──────── Source information
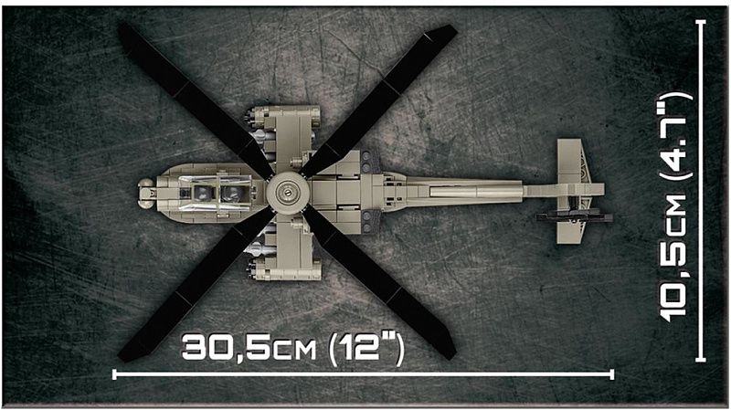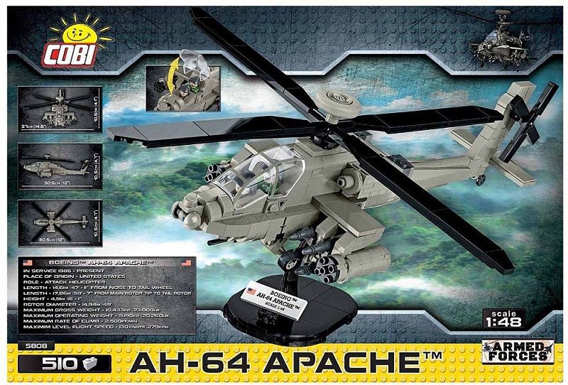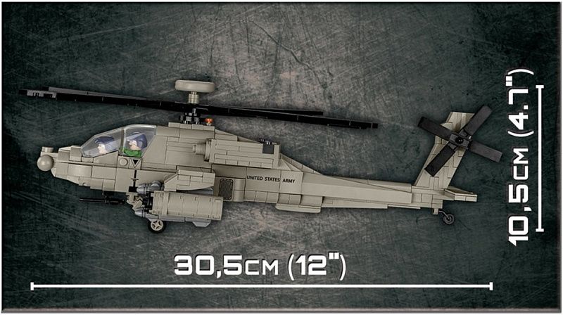 Stavebnica modelu amerického bojového vrtuľníka AH-64 Apache v mierke 1:48. Model má otočné rotory, otvárací kokpit a dve špeciálne upravené figúrky pilotov pre pohodlné usadenie do modelu. Vrtuľník môže stáť na vlastnom podvozku, alebo na priloženom stojane s popisom.
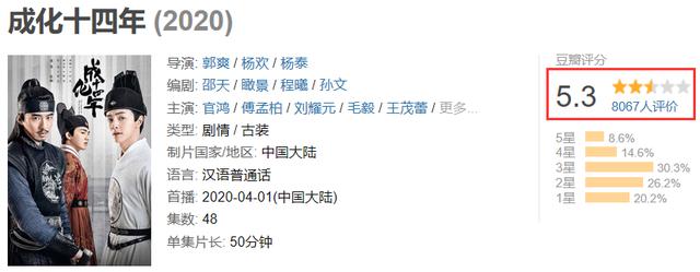 与《清平乐》有同样命运的还有一部《成化十四年》,两部剧作为这段时间的同类型古装戏,这部剧扑得更惨烈!
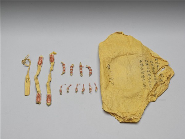 朝珠零件,以珊瑚米珠和珍珠米珠搭配鑲串。附黃色包裝紙,紙上書寫此由綠玉朝珠撤下,分別為扣珠背雲喜字方結子四個、扣珠品級結子四個、扣珠記捻結子六個。
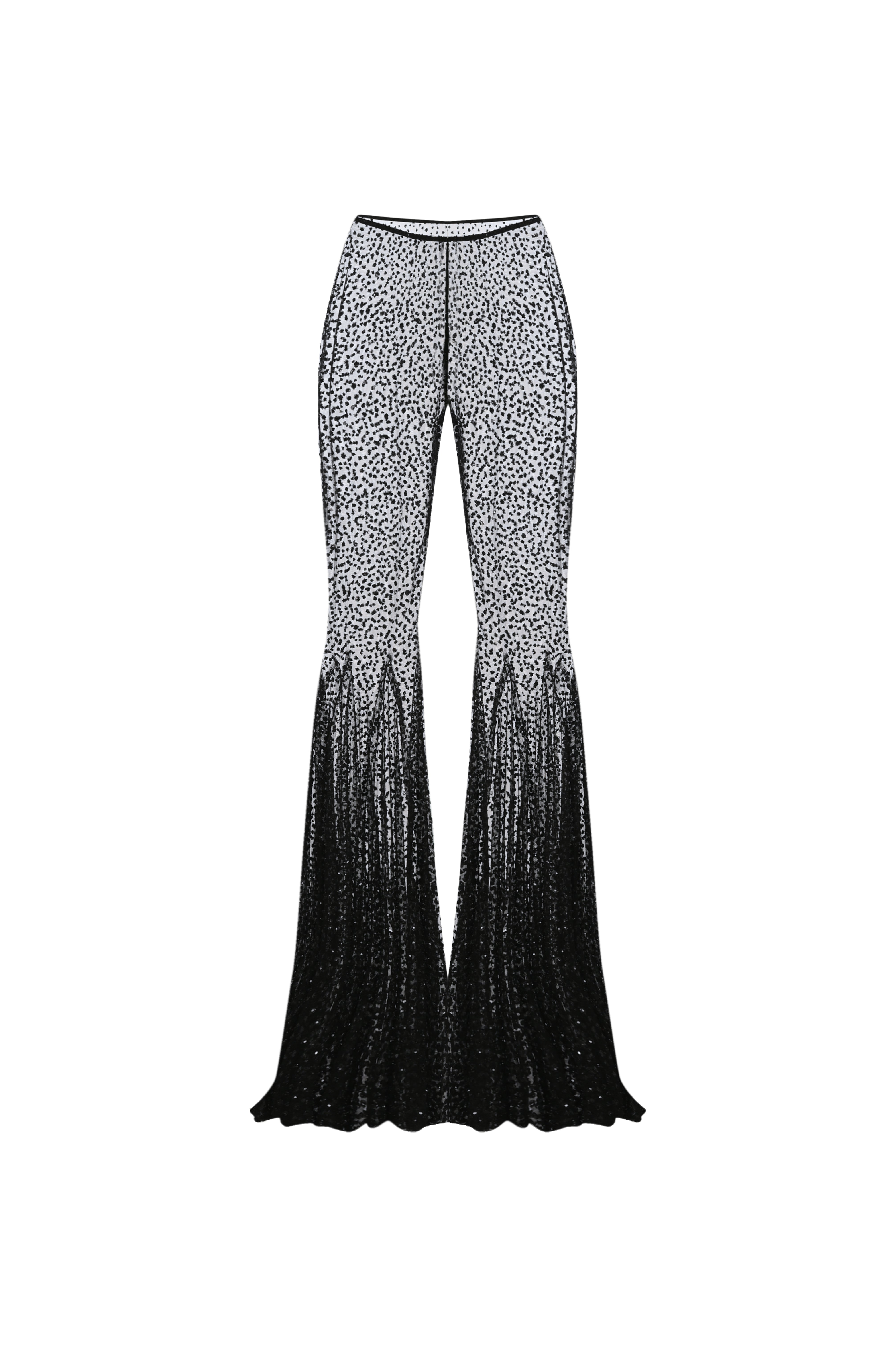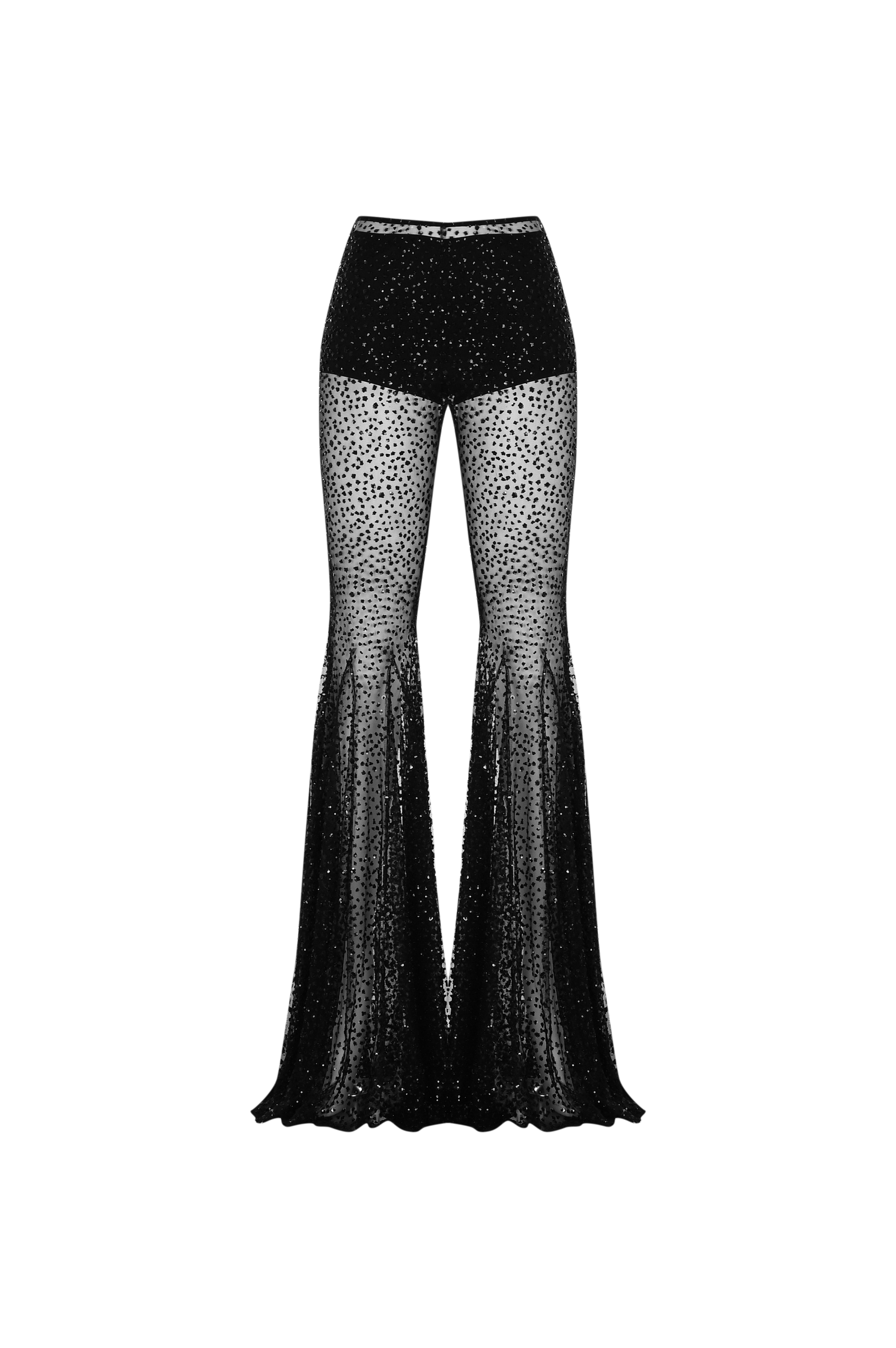 Siyah ispanyol paça biye kemerli transparan pantolon
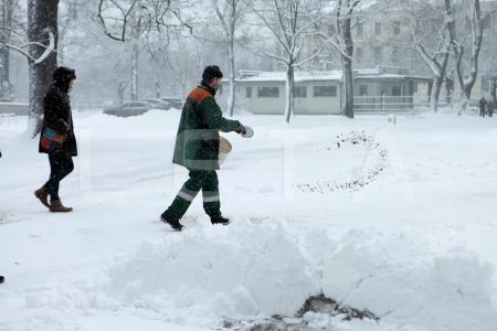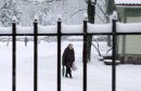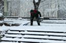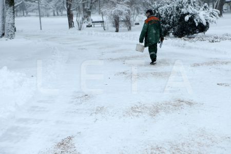 Sētnieks kaisa smiltis piesnigušajā Vērmanes dārzā.
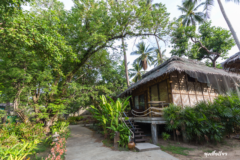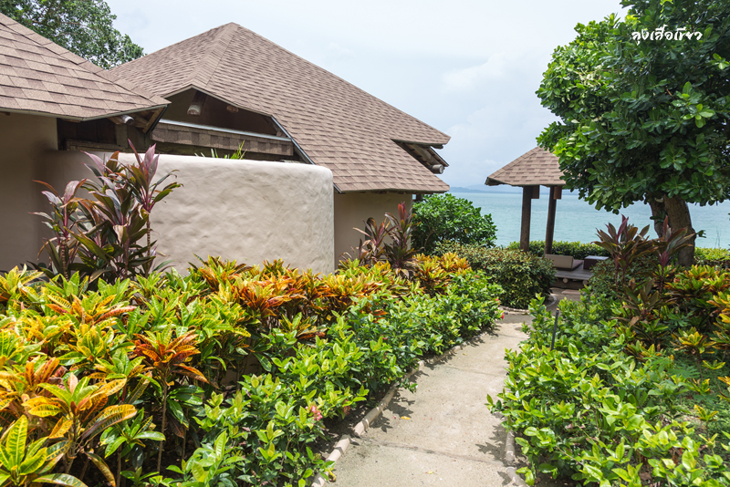 จากจุดนี้น้องพนักงานหน้าตาจิ้มลิ้มคนเดิมพาผมนั่งรถบักกี้ไปยังห้องพักเพื่อทำการ Check in เธอขับลัดเลาะไปตามเส้นทางสายเล็กๆ ที่คดเคี้ยวไปมา พร้อมกับเอ่ยปากบอกว่า เส้นทางคดเคี้ยวหน่อยนะคะ เพราะว่าตอนที่สร้างเส้นทางและสิ่งก่อสร้างต่างๆ ทางรีสอร์ทพยายามรักษาต้นไม้ใหญ่เอาไว้ เส้นทางบางช่วงบางตอนเลยต้องลัดเลาะไปมา บางช่วงของเส้นทางก็มีความลาดชันบ้าง เนื่องจากพื้นที่ในโซนห้องพักจะอยู่บนเนินเขาเตี้ยๆ ครับ
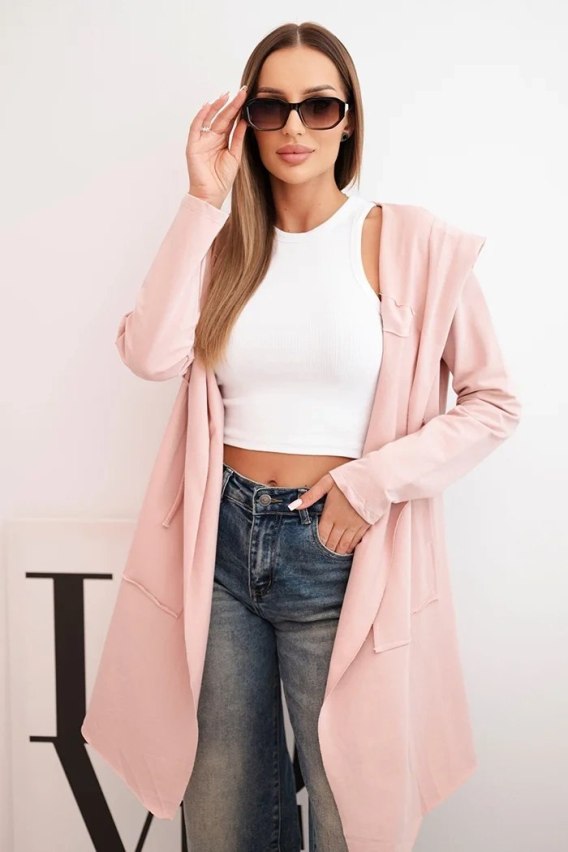 Narzutka z luźnym kapturem ciemny pudrowy róż
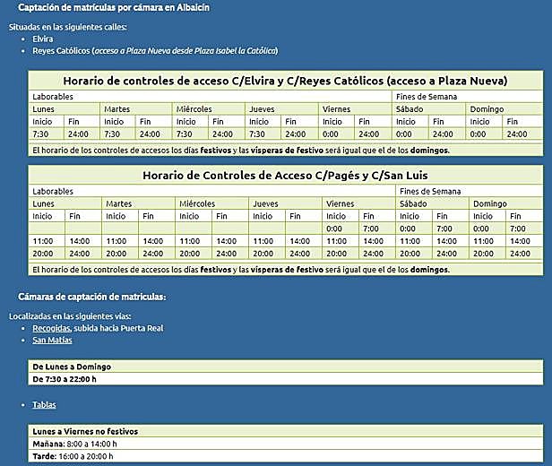 Según recoge el área de Movilidad en su página web estas son las cámaras que, a día de hoy, están en funcionamiento y sus respectivos horarios.
────────────────
▶ [Work instructions]:
Among the entries above, find the line with "Siyah ispanyol paça" and repeat exactly from there through the line with "Sētnieks kaisa smiltis", leaving out the pictures.

▶ [Response to this exercise]:
 Siyah ispanyol paça biye kemerli transparan pantolon
 Sētnieks kaisa smiltis piesnigušajā Vērmanes dārzā.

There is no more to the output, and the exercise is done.